## SUPPLIED DATA
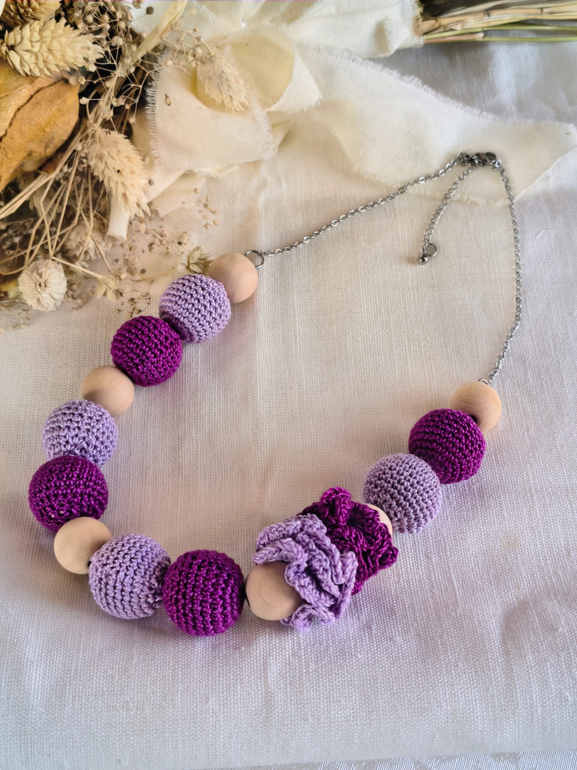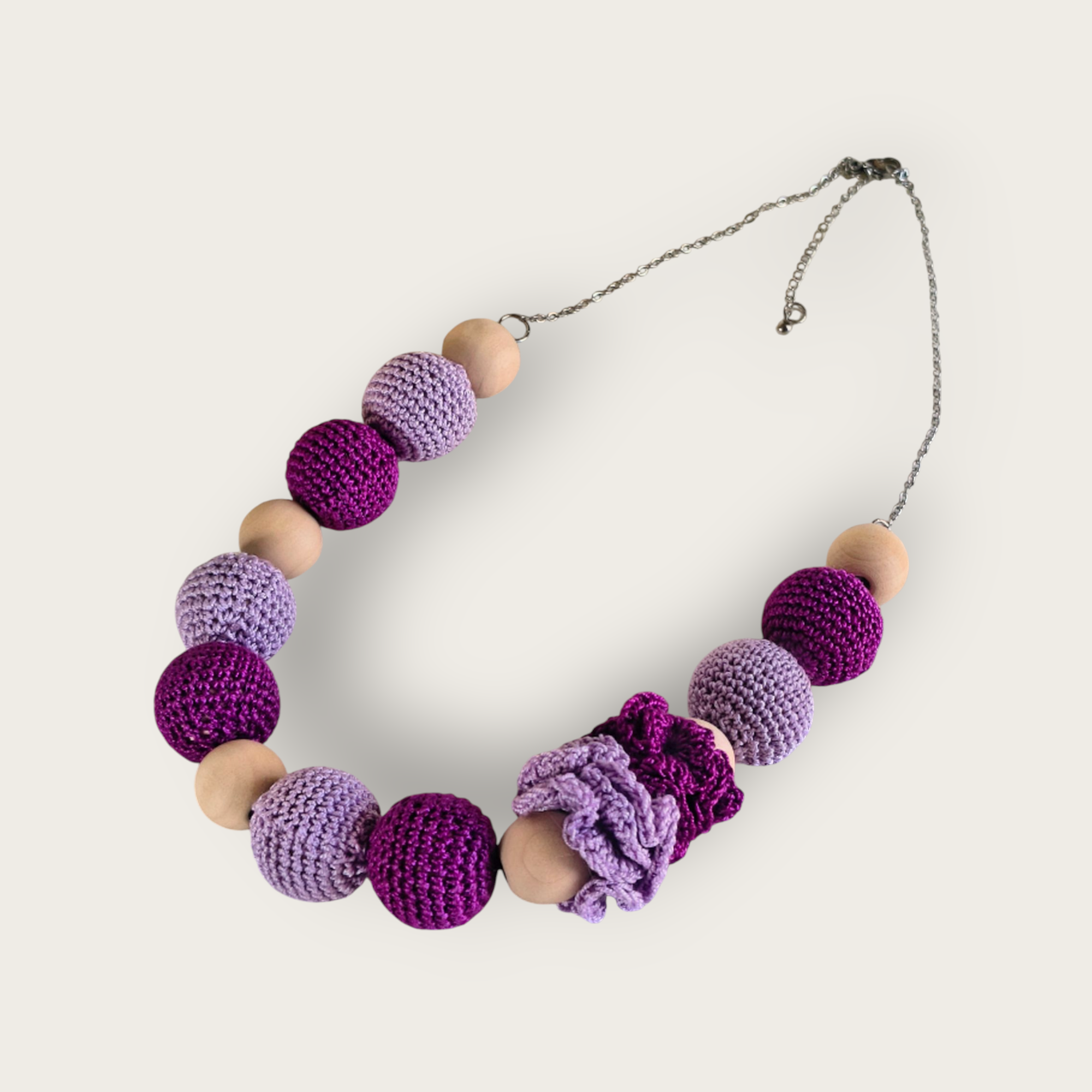 O croché artesanal acrescenta textura e leveza à peça, enquanto a combinação de madeira natural e cores suaves cria um equilíbrio perfeito entre elegância e descontração. O fio de aço inoxidável garante durabilidade e conforto, tornando o colar ideal para uso diário ou em ocasiões especiais.
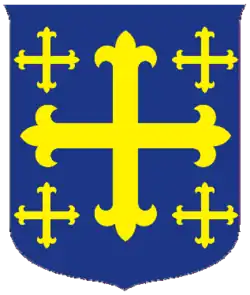 | Shield | Azure a cross flory between four like crosslets Or. |
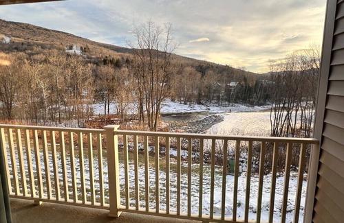Clean and cozy Studio hotel resort condo sleeps 4. Seated at the base of Loon Mountain’s South Peak, in New Hampshire`s gorgeous White Mountains. Relax on our balcony overlooking Loon and the Pemi River! Enjoy nature, hiking and lovely mountain scenery! Great area dining, and outdoor activities. Indoor pool and Jacuzzi are open and located in our facility. Great restaurants within walking distance. Free shuttle bus service to Loon Lift gate. Pemigewasset River in back
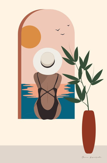 Escape the everyday and bring a touch of modern, minimalist style into your home with the "Luxe Traveler III" art print by artist Omar Escalante. This serene piece captures the tranquil feeling of a luxurious, sun-soaked vacation using warm, earthy pastels to complement any decor.
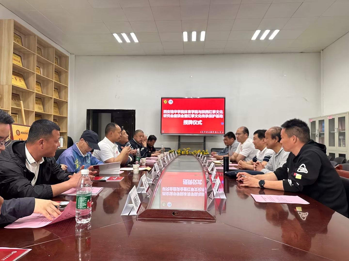 陕西红拳文化研究会会长、红拳国家级代表性传承人邵智勇,陕西红拳文化研究会秘书长、红拳省级代表性传承人田琨,陕西红拳文化研究会监事会主席杨朝华,陕西红拳文化研究会常务副会长、西安外国语大学红拳高校科研保护推广中心主任卢佳,陕西红拳文化研究会副会长、红拳省级代表性传承人党选民,陕西红拳文化研究会副会长孙顺喜、赵国民,陕西红拳文化研究会办公室主任蔡永红,陕西红拳文化研究会副秘书长、马场小学校长杨军,陕西日报记者周恒宇;西安培华学院监事会主席、校工会主席、校体育工作委员会主任徐国富,西安培华学院体育学院院长王志强,体育学院党总支书记、行政副院长马德厚等人出席本次仪式。
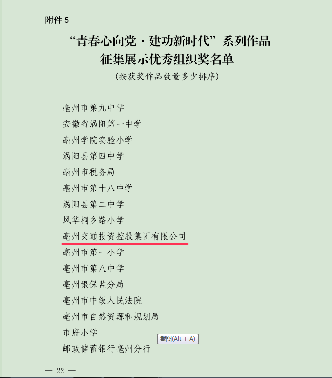 近日,團市委舉辦的“青春心向黨建功新時代”系列作品征集展示評選結果揭曉,集團團委推薦的作品中,有4篇文學作品、2張主題圖片獲獎,其中一等獎1個,二等獎2個,三等獎2個,優(yōu)秀獎1個;集團獲優(yōu)秀組織獎。

## WHAT IS EXPECTED
Transcribe, please, the lines from the one holding "Escape the everyday" to the final line of the material, both included, exactly and with no extra lines, and skip the pictures.

## REPLY
 Escape the everyday and bring a touch of modern, minimalist style into your home with the "Luxe Traveler III" art print by artist Omar Escalante. This serene piece captures the tranquil feeling of a luxurious, sun-soaked vacation using warm, earthy pastels to complement any decor.
 陕西红拳文化研究会会长、红拳国家级代表性传承人邵智勇,陕西红拳文化研究会秘书长、红拳省级代表性传承人田琨,陕西红拳文化研究会监事会主席杨朝华,陕西红拳文化研究会常务副会长、西安外国语大学红拳高校科研保护推广中心主任卢佳,陕西红拳文化研究会副会长、红拳省级代表性传承人党选民,陕西红拳文化研究会副会长孙顺喜、赵国民,陕西红拳文化研究会办公室主任蔡永红,陕西红拳文化研究会副秘书长、马场小学校长杨军,陕西日报记者周恒宇;西安培华学院监事会主席、校工会主席、校体育工作委员会主任徐国富,西安培华学院体育学院院长王志强,体育学院党总支书记、行政副院长马德厚等人出席本次仪式。
 近日,團市委舉辦的“青春心向黨建功新時代”系列作品征集展示評選結果揭曉,集團團委推薦的作品中,有4篇文學作品、2張主題圖片獲獎,其中一等獎1個,二等獎2個,三等獎2個,優(yōu)秀獎1個;集團獲優(yōu)秀組織獎。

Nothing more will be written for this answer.